China expanded controls to five more rare earths and processing technologies, restricting defence and advanced semiconductor users and foreign producers.
Beijing expanded export controls on Thursday, adding five rare earth elements and a slate of refining technologies while tightening rules for defence and advanced semiconductor users.
Holmium, erbium, thulium, europium and ytterbium were added to the restricted list, and dozens of pieces of mining and processing equipment were newly controlled. The ministry said foreign producers that use Chinese materials or equipment will need Chinese export licences for downstream products, even when no Chinese firm is involved in the transaction.
Overseas defence end‑users will be denied licences outright; advanced semiconductor applications will face case‑by‑case scrutiny. The measures target chips at 14nm or below (and more advanced nodes), memory stacks of 256 layers or more, associated production equipment, and AI research with potential military uses.

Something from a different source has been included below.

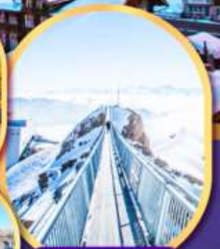
ยอดเขา กลาซีเยร์ 3000

The new element and equipment curbs take effect on November 8, while the compliance rules for foreign producers begin on December 1. China supplies over 90% of processed rare earths and magnets, so the move has immediate supply‑chain implications. Enforcement details remain unclear, and some domestic rare earth stocks jumped sharply after the announcement.
Observers note the timing ahead of a planned U.S.–China summit, framing the measures as both industrial policy and geopolitical leverage.